My reluctant answer: nothing very much.

So I followed the advice and, one Friday morning last September, walked into Moorfield Eye Hospital unannounced. To my surprise, the receptionist treated my sudden appearance as perfectly normal and directed me to the out-patient’s department where, after a ten-minute delay, my details and the purpose of my visit were noted and I was directed to an adjacent waiting area where some twenty others were already seated. I had brought the Penguin edition of Boethius to console me during what I was sure would be a near eternity of enforced idleness, but had barely had time to read through the opening verses of Book 1 before being interrupted by a nurse who bore me away for a preliminary assessment of my state of health. Then came a second period of waiting in a different area, before I was once again led away, this time, for an eye test. Third and fourth episodes of waiting and examination followed - each in a different location of the out-patients’ department, whose layout is sufficiently bewildering to dispel any confidence the uninitiated might have about their navigational skills. This first visit lasted for about four hours, long enough for my sense of direction to abandon me entirely so that, despite a respectable amount of signage, I had to ask for directions to the exit. Nevertheless, when I finally made my way out, I carried with me, in addition to  the news that I would need minor surgery, a brace of appointments, the first for a preliminary medical check-up, and the second for the main event.
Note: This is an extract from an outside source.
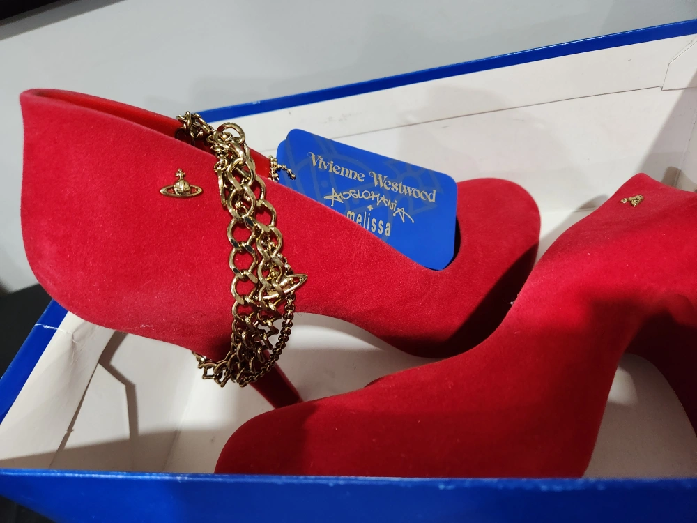Gorgeous hot red stylish pumps . Heel height 10 cm. They come with a very chic ankle chain. Durable, flexible, and comfortable shoes. Eco-friendly material. See all pics. Available for pickup near Martin Grove and Westway . Welcome to see my other listings. Smoke and pet -free home .

The last of these took place a few hours ago and I am now seated before the computer, minus an unpleasant cyst and with a very large patch over one eye, held in place by numerous lengths of white tape which I am instructed not to remove until the morrow. En route home, I felt like the very incarnation of Dickens infamous headmaster of Dotheboys Hall because, in addition to having only one (visible) eye, the blank side of my face was much wrinkled and patched up, which gave me a very sinister appearance, especially when I smiled.

None of that matters, of course.

What does matter is that the manner in which all the staff of Moorfield Eye Hospital dealt with me could not, in my view, be bettered. The organization works not so much like a well-oiled machine, for machines are impersonal and can offer no tenderness or humour, still less awareness of pain, but it was more the epitome of what one imagines a hospital should be: a place where skill, compassion and efficiency combine in the service of the people. This is the same, magnificent NHS that is odiously hounded by the right-wing gutter-press and repeatedly traduced by Tories bent on breaking it up and delivering the pieces to private profiteers. Both have seized with delight on the problems at Stafford Hospital, thereby fostering the patently false idea that it represents the NHS as a whole. By contrast, when it comes to awarding fat contracts to the private sector, our coalition government studiously avoids drawing a generally adverse conclusion about  the likes of  G4S and Serco, companies under scrutiny for over-charging the government and false accounting.

Before embarking on my recent brief experience of the NHS at Moorfield, I harboured no small degree of scepticism, if not about the level of expertise, then certainly about the waiting times, bureaucracy and quality of patient-care I would encounter. Instead, I have come away proud and grateful to live in a country capable of offering such exemplary service to someone who, literally, walks in off the street. In a world that continues to be driven by crass neo-liberal values, NHS is something rare and precious. We must do all we can to keep it; and if, by the next election, it has been largely sold off, then we must fight to take it back.